5.2. p85-mediated down-regulation of JNK activity
Another important regulatory function of the monomeric p85 is its p85-dependent, but PI3K-independent signaling pathway that attenuates insulin-induced JNK1 activity in adipocytes and liver (Fig. 4; Taniguchi et al., 2006a,b, 2007; Terauchi et al., 1999; Ueki et al., 2002). This mechanism involves the p85 activation of NAD(P)H oxidase-cdc42, which is an ROS producing function. JNK1 is activated in p85−/− cells by expression of p85α and p85β independently of levels of PI3K activity. Furthermore, the expression of p85α restores insulin-induced JNK activity. Thus, the mechanism of insulin induced activation of JNK occurs via the p85-mediated activation of NAD(P)H oxidase-cdc42, without PI3K involvement. This function is localized to the N-terminal region of p85. Although JNK1 down-regulates insulin sensitivity by phosphorylation of Ser307 in IRS-1, decreased JNK1 activity does not increase or prolong tyrosine phosphorylation of IRS-1 (Aguirre et al., 2002; Lee et al., 2003; Hirosumi et al., 2002).
The mechanism of regulation of JNK1 activation by p85 does not involve direct interaction between these two proteins. This cascade does, however, lie downstream of Ras since a dominant negative form of Ras completely inhibits insulin-induced JNK activity. Alternatively, p85 negatively regulates a dual specificity phosphatase activity for JNK, and a reduction of p85 decreases this negative regulation, thus increasing inhibition of JNK activity.

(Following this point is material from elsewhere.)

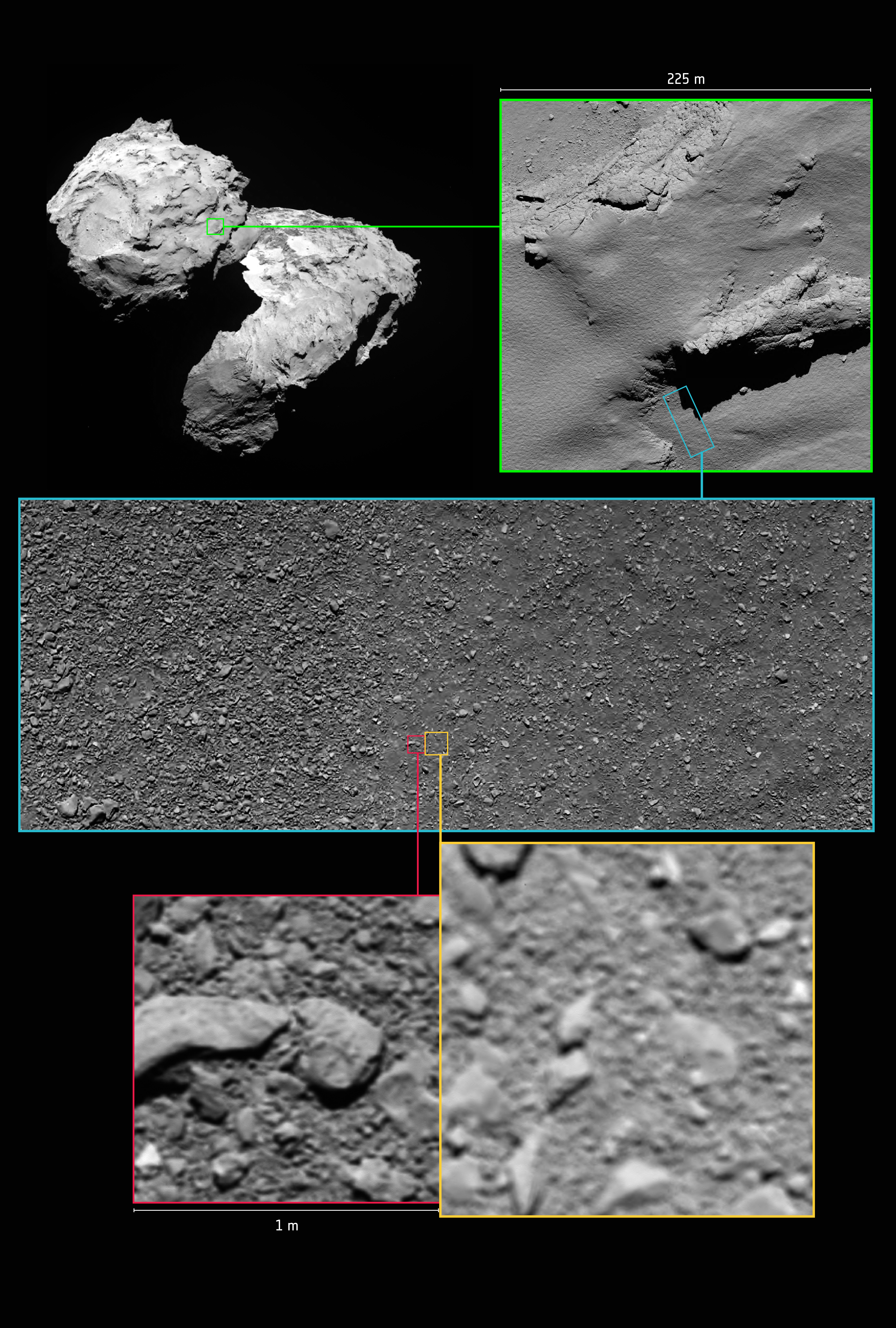 And here is a larger breakdown of the shown area, as compared to the overall surface of the comet.

5.3. p85–p110 in the Snell dwarf mutant
Studies of the Ins/IGF-1 pathway in Snell dwarf and in the long-lived, Age-1, C. elegans (Age-1) mutant have indicated that the PI3K (p85–p110) is a significant site of down-regulation of the pathway associated with longevity. A series of striking changes in the components of the Ins/IGF-1 signaling pathway that affect its activity, occur in the Snell dwarf mouse liver. These involve a dramatic decrease in the pool level of IRS-2, hyper-phosphorylation of its tyrosine residues accompanied by decreased docking of p85α, and a severely decreased PI3K activity. These observations suggest that these changes may be associated with the mechanism that decreases insulin signaling at that site in the dwarf (Hsieh et al., 2002a). Thus, the decreased PI3K activity correlates with the decreased Ins/IGF-1 signaling in these long-lived animals. However, the increased phosphorylation of IRS-2 does not correlate with IRS-2–p85α docking or an associated decrease in PI3K activity. On the other hand, in normal aging mice, PI3K activity associated with IRS-2 is also decreased even though the pool level increases. This suggests that age-associated attenuation of PI3K may be attributed to a decreased docking ability of interacting components. The changes in pool level and tyrosine phosphorylation of aged control vs. dwarf suggest a decrease of IRS-2 activity, but by different mechanisms. In the aged control group the high pool level and low phosphorylation are consistent with decreased protein signaling activity; in the dwarf, although the phosphorylation level is high, the low pool level may impose a decreased signaling activity. Interestingly, although a similar dramatic decrease of IRS-2 pool level has been observed in insulin-resistant lipodystrophic and ob/ob mice (Shinomura et al., 2000) and IRS-2 knockout mice (Burkes et al., 2000), the long-lived Snell dwarf mice do not develop the acute pathological characteristics of diabetes associated with decreased IRS-2 pool level. The low IRS-2 pool and high phosphorylation levels are characteristics of the Pit-1 mutation and decreased signaling at this level of the IRS-1 (Ogawa et al., 1998) and IRS-2 pathways (Sun et al., 1991; White and Kahn, 1994).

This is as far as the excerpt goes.